Bisnis.com, JAKARTA – Menteri Perdagangan (Mendag) Budi Santoso mengatakan bahwa pemerintah Amerika Serikat (AS) turut menyoroti program swasembada pangan yang menjadi prioritas Presiden Prabowo Subianto.
Mendag mengatakan beberapa waktu lalu telah bertemu dengan Duta Besar Amerika Serikat (Dubes AS) guna membahas kebijakan Presiden AS Donald Trump.
Dalam pertemuan tersebut, Budi mengungkap bahwa Dubes AS memberikan kisi-kisi kebijakan Indonesia yang tengah ‘dipelototi’ oleh pemerintahan Trump, mengingat Indonesia merupakan salah satu negara penyumbang defisit perdagangan terbesar bagi AS.
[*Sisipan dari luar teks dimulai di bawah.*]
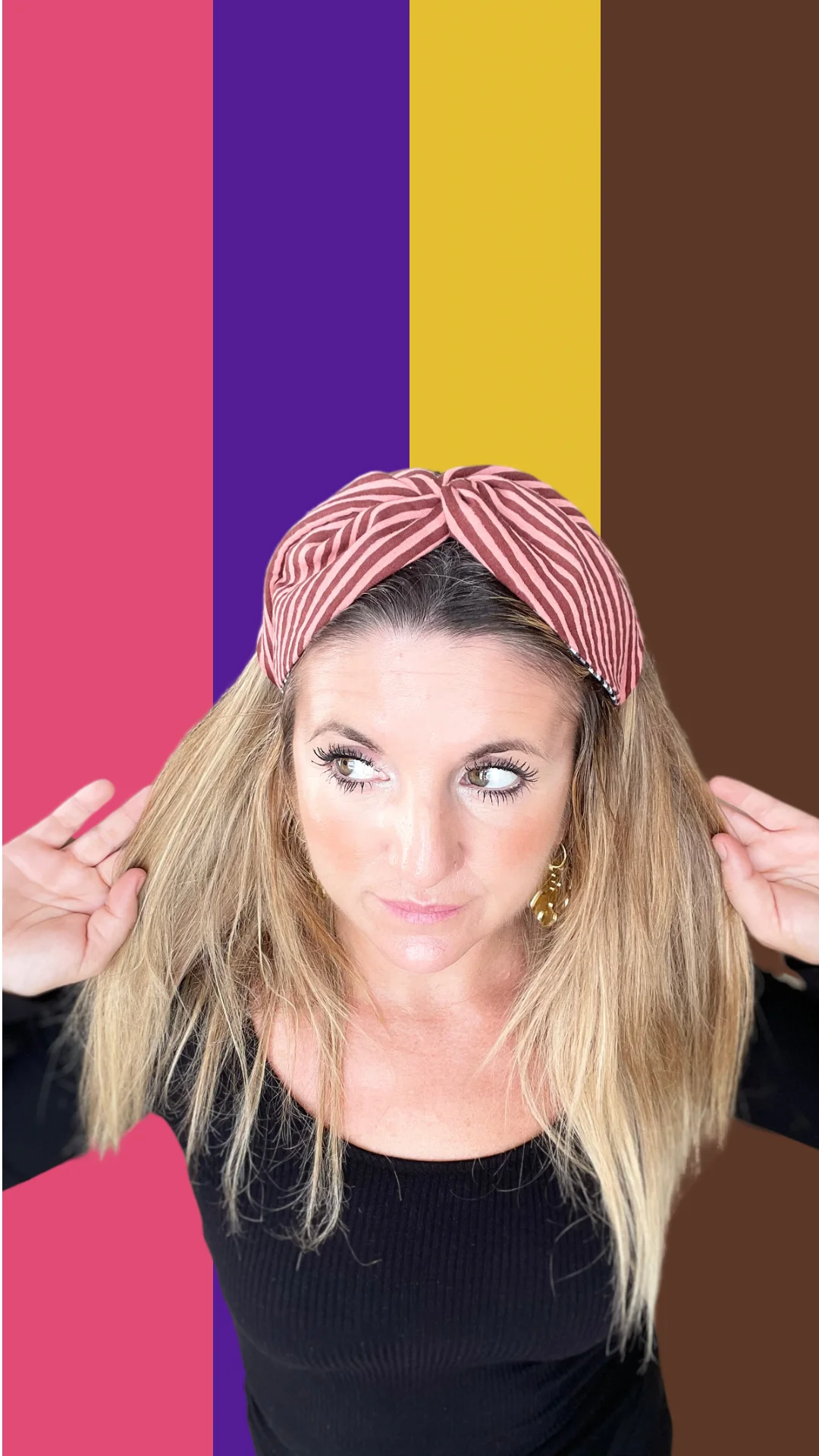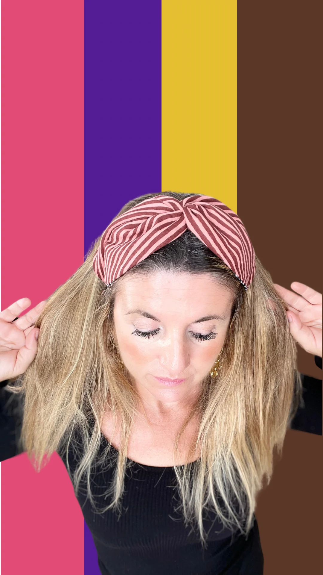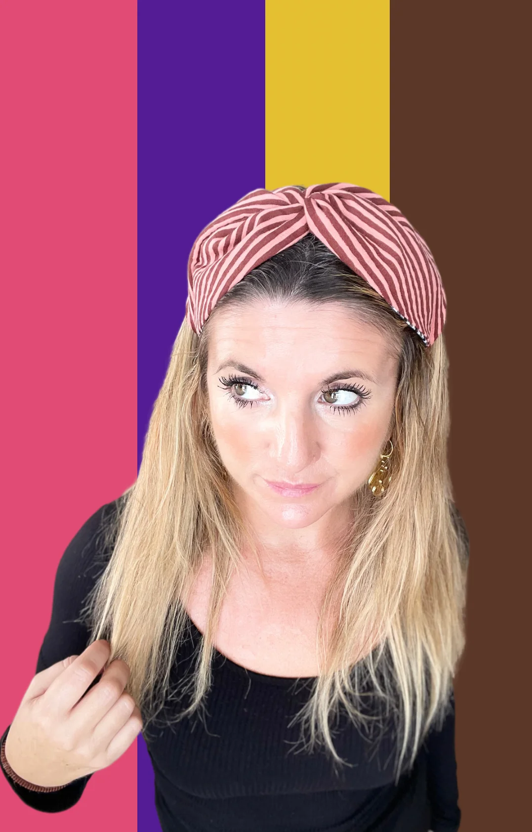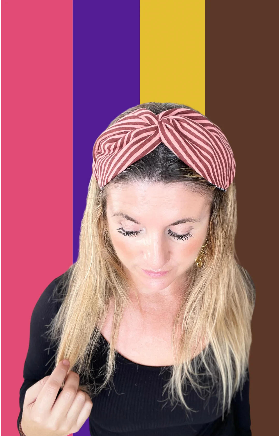 Sé el primero en valorar “Turbante diadema rayas burdeos y rosa empolvado”

“Itu mau dipelototin, biasanya yang dipelototin terkait kebijakan, ada nggak yang menghambat akses pasar dia masuk ke sini, termasuk juga tarifnya,” kata Budi ketika melakukan kunjungan ke Kantor Bisnis Indonesia, Jakarta, Selasa (25/3/2025).
Program swasembada pangan menjadi salah satu yang disorot oleh Dubes AS. Pasalnya, Budi mengungkap, ada perbedaan persepsi antara pemerintah AS dan Indonesia mengenai program tersebut.
Budi mengatakan, pemerintah AS menyimpulkan bahwa pemerintah Indonesia menutup keran impor semua komoditas pertanian melalui program swasembada pangan.
Baca Juga
Hal tersebut lantas langsung dibantah olehnya. Kepada Dubes AS, Budi menuturkan bahwa swasembada pangan yang dimaksud yakni Indonesia mampu memenuhi kebutuhan pangan dari produksi dalam negeri, bukan menutup keran impor produk pertanian.
Apalagi, kata Budi, terdapat sejumlah komoditas pertanian yang tampaknya tidak dapat mencapai swasembada, seperti anggur dan apel.
“Apel kan kita nggak sanggup. Jadi dia kira nggak boleh impor. Ini salah satu yang harus kita jelaskan, jangan sampai informasi yang salah sampai ke pimpinan dan mereka buat kebijakan yang kurang pas untuk Indonesia,” tutur Budi.
Untuk itu, pemerintah Indonesia telah menyiapkan berbagai upaya agar tidak terdampak kebijakan Trump. Di antaranya, dialog strategis Indonesia-AS sebagai platform kerja sama ekonomi dan diplomasi perdagangan.
Selain itu, memperkuat komunikasi dan lobi strategis melalui utusan khusus, eksplorasi perjanjian dagang terbatas untuk pengurangan tarif dan penyelesaian isu non tarif yang menjadi kepentingan kedua negara.
Pemerintah juga berencana mereaktivasi dan memperbaharui Indonesia-US Trade and Investment Frame Agreement (Indonesia-US TIFA) yang dibentuk pada 1966, serta memperkuat kerja sama investasi di berbagai sektor strategis.